Harlow had to deal with the University of Wisconsin nepotism rules in the case of his first wife, Clara, and his second wife, Peggy, both of whom were talented professionals but who were unable to obtain tenure-track faculty appointments. Blum spends considerable time describing Harry’s personal life and the loneliness that ensued when his first marriage ended in divorce in 1946. He later married Peggy Keune, who died of breast cancer. He then remarried his first wife, Clara, in 1972 and was with her until his death Dec. 6, 1981.
The title of the book, Love at Goon Park, merits some explanation. Even having lived in Madison for 23 years, I did a double take on it and had several free associations until it was clarified in the book. The Department of Psychology’s address was 600 N. Park. However, if a sender scrawled the address carelessly it could easily look like GOON Park. Many of the occupants thought this mistake occurred frequently, but as one faculty member said with a bit of irony, “The mailman always knew right where to deliver it.” Goon Park became the Department of Psychology’s unofficial nickname partly because it reflected the uneasy politics of the place, and Blum details some of these.
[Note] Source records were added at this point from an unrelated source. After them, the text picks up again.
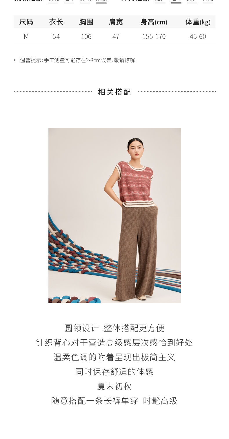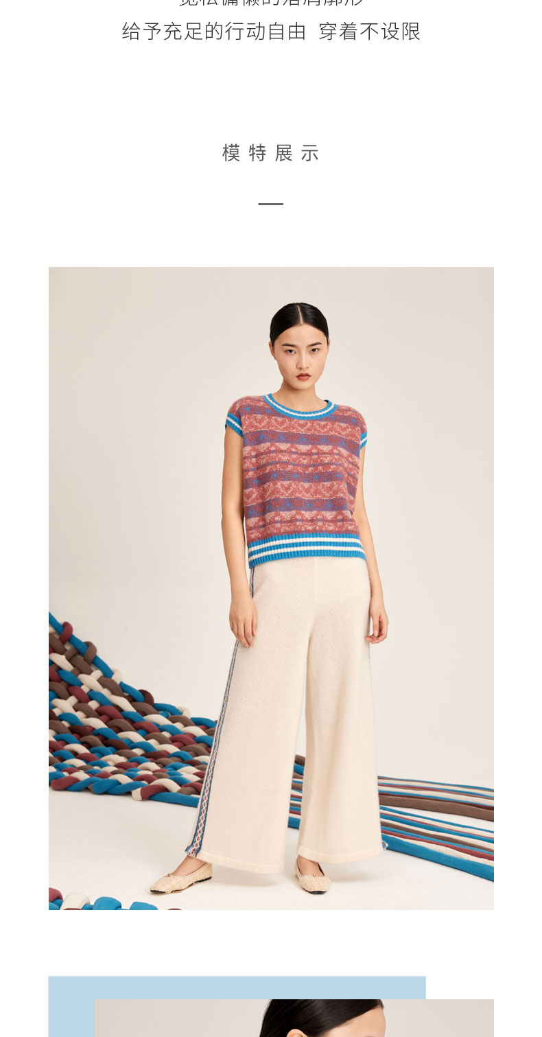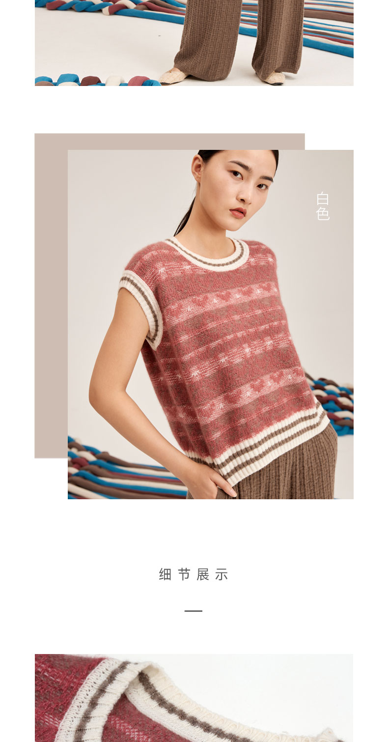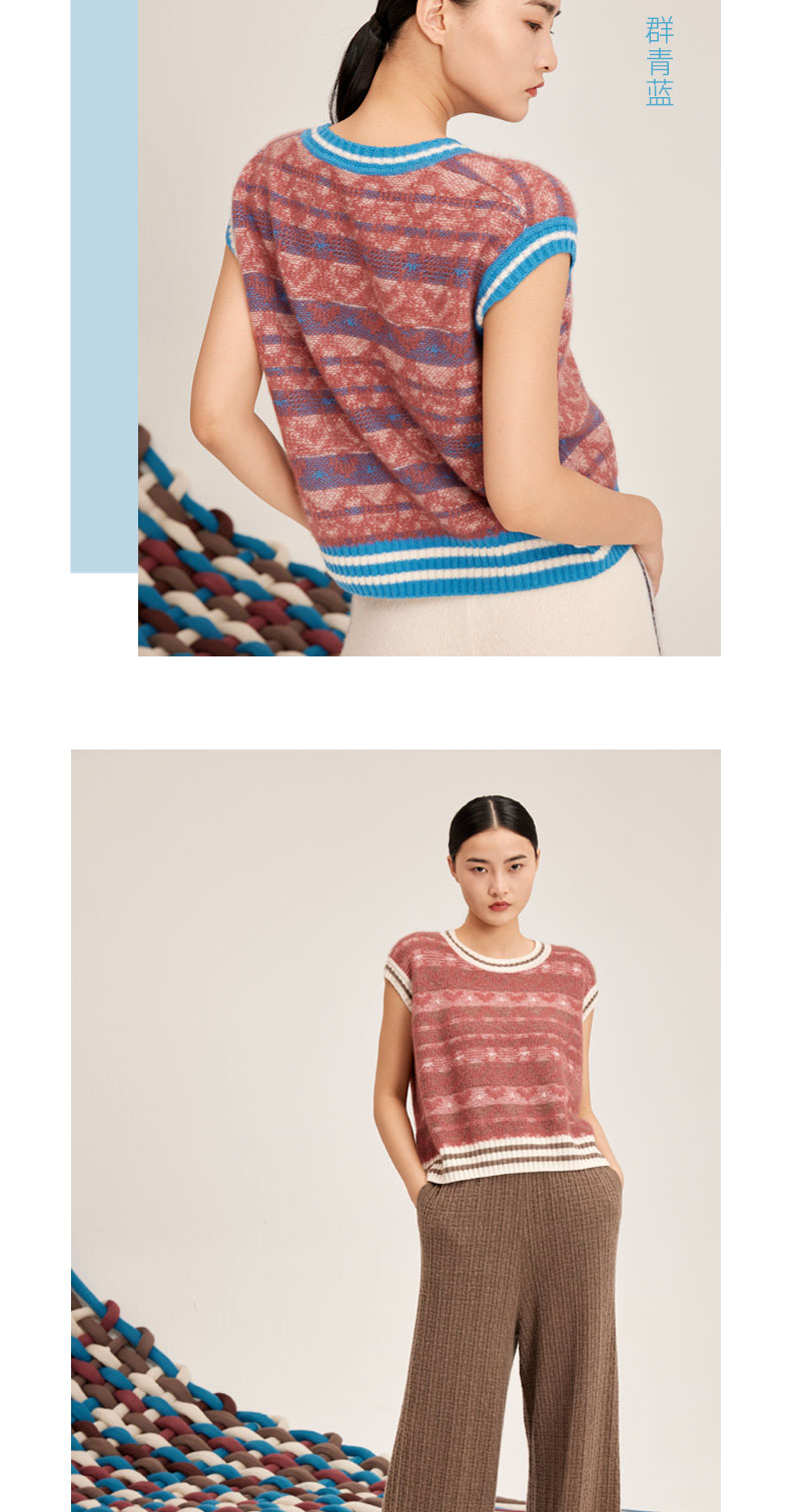 羊绒桑蚕丝提花圆领无袖套衫SJF95W515K
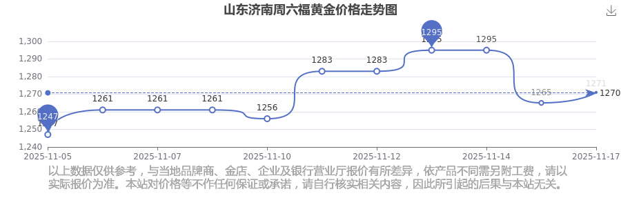今日山东济南周六福黄金价格:1271.0元/克。
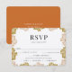 Boho Chic Retro Floral Frame, wedding RSVP cards with meal choice option. Back of card shown in orange can be customized.
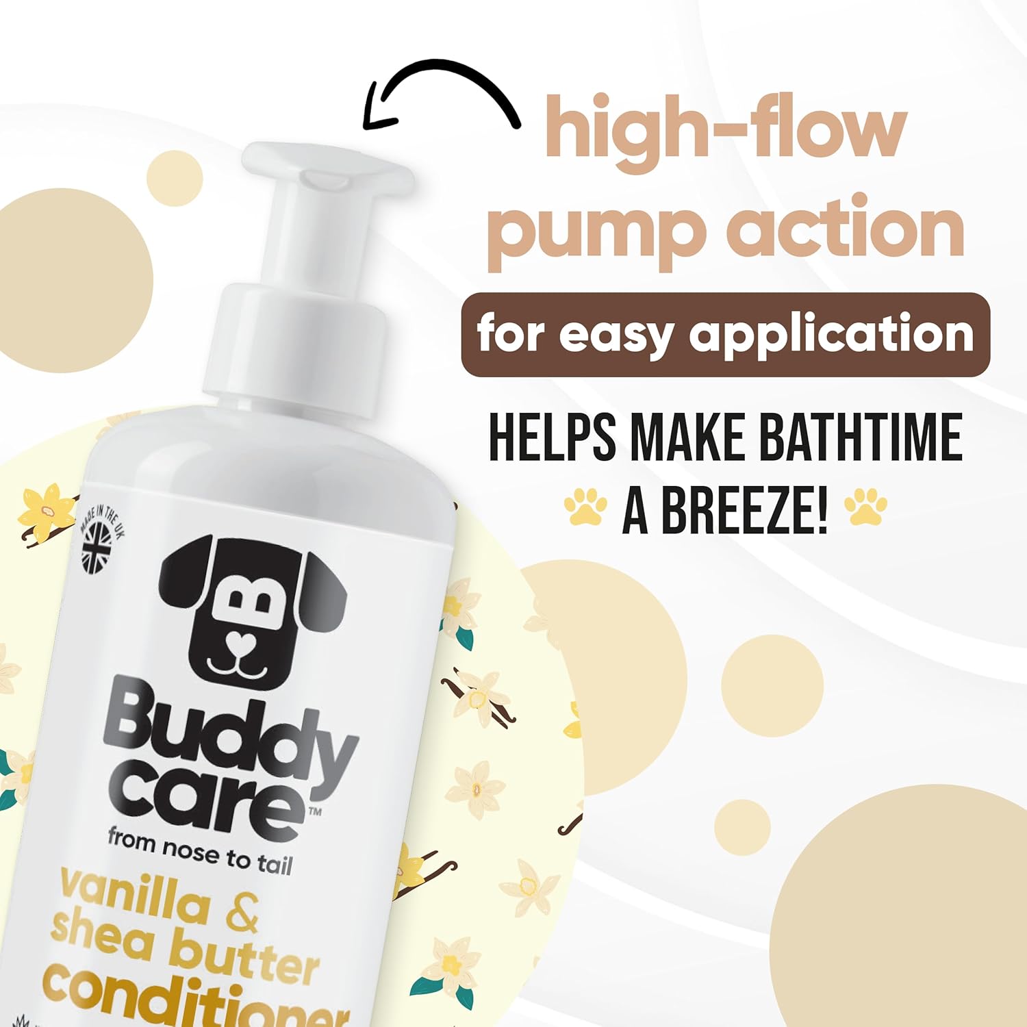 - SOOTHING DOG CONDITIONER – Buddycare soothing, detangling vanilla and shea butter dog conditioner works alongside our range of dog shampoos and is the ideal final step in your pet’s grooming routine. Simply massage into your dog’s wet fur after our cleansing dog shampoo, focusing on the matted and tangled areas. Rinse thoroughly with warm water and towel dry for a clean, comforting vanilla scent and silky-soft finish.

The book’s strongest point is a successful weaving together of biography and the development of science in a particular research area, namely, affection or love. Harry Harlow was an extremely complex person and scientist. Many words come to mind—creative, different, bright, manipulative, ruthless, caring, sensitive, difficult, addicted (more on this later), etc. The list could go on and on, and the essence of Harry Harlow would still never be captured. I had the unusual opportunity to work at the Wisconsin Primate Laboratory from 1969 to 1993. I owe Harry a large debt of gratitude for affording a young psychiatrist the opportunity to become the first psychiatrist to become part of what has traditionally been a psychology fiefdom.
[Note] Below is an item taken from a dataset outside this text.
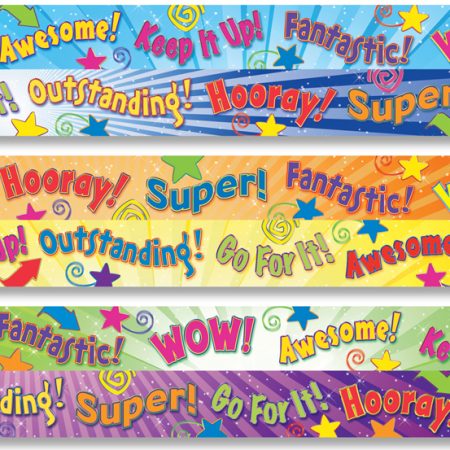 Bright colors, whimsical artwork, and fun phrases catch kids’ attention and motivate them to reach goals. Arm Charms are ideal for celebrating a special occasion, rewarding individual or class achievements, encouraging good behavior, or simply brightening up the day! Each package contains 72 paper bracelets measuring 8 1/2” x 7/8” (21.6 x 2.2 cm), plus 72 clear adhesive seals to secure the bands around the wrist.
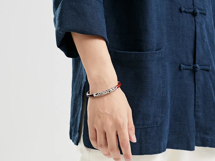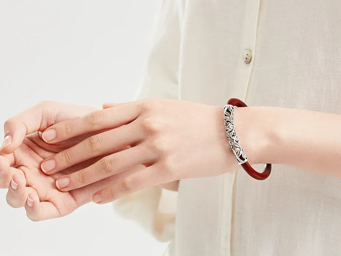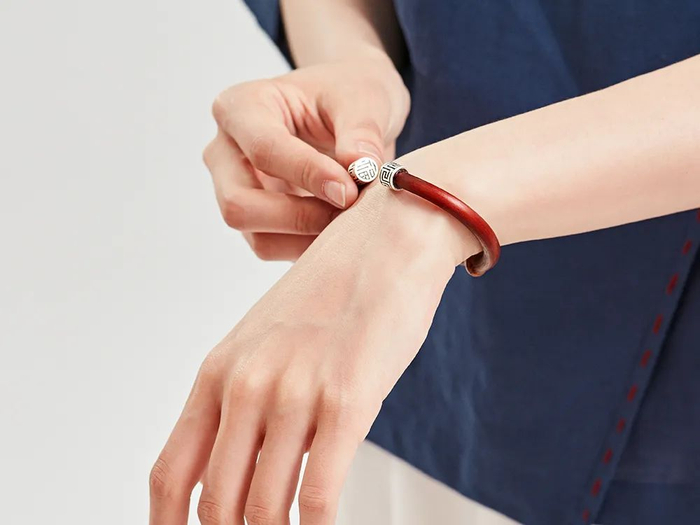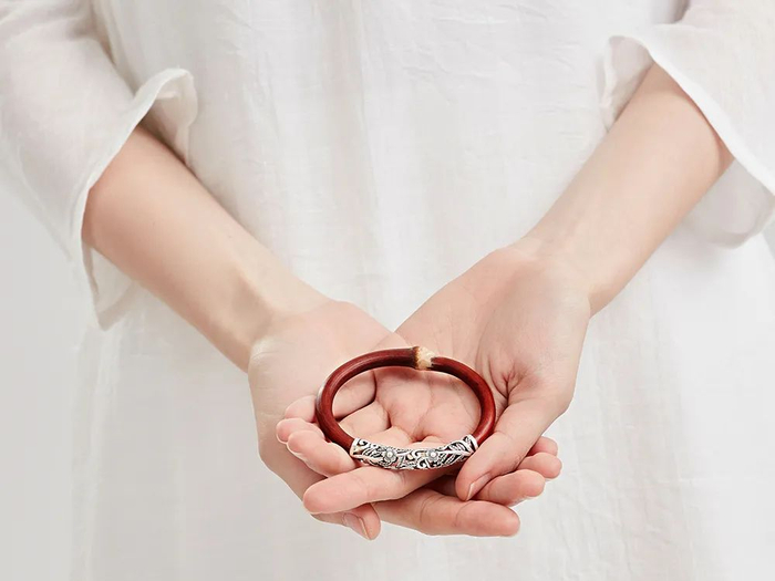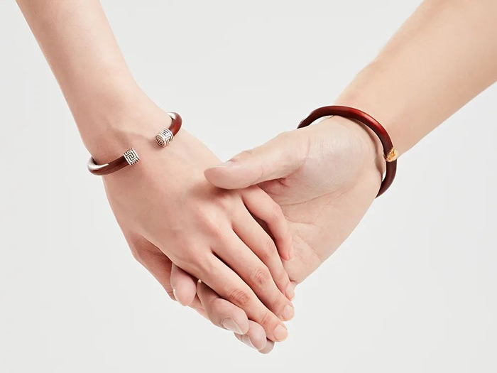 设计师将回纹,与鸡血藤镯相结合,呈现出一种“大巧若拙”的美感。

When I arrived as a brand-new faculty member in 1969, I had no office at the laboratory. Harry invited me to share his, which I did for several years. It was a spacious office, and when visitors would come to talk with the by-then famous Harry Harlow I would offer to leave so he could talk with them privately. Rarely was I taken up on this offer, and so I had a chance to see him in everyday action. He was brilliant, irreverent, and unpretentious, and he could be offensive. He could also write sensitive poems for others. He was addicted to work, cigarettes, and alcohol, and all of these took a toll on him over the years. I think the book in parts overglamorizes his use and abuse of alcohol. It was not a pretty scene in this regard and went well beyond going out to the corner bar with graduate students. He also struggled mightily with depression, which the book does describe.
It is striking that with this many addictions of major proportions, Harry Harlow managed to make such incredible scientific contributions. Blum’s discussion of why they have been incorporated so quickly and their origins forgotten is very perceptive and it relates to Harry Harlow as a person and his political incorrectness. Many individual contributions could be cited, but perhaps his most important and enduring legacy has been his love and commitment to the science of primate behavior and his demonstration that one can learn a lot about human development and psychopathology by studying animals, including primate behavior—a lesson to be remembered as we strive to increasingly integrate the basic neurosciences into our clinical specialty.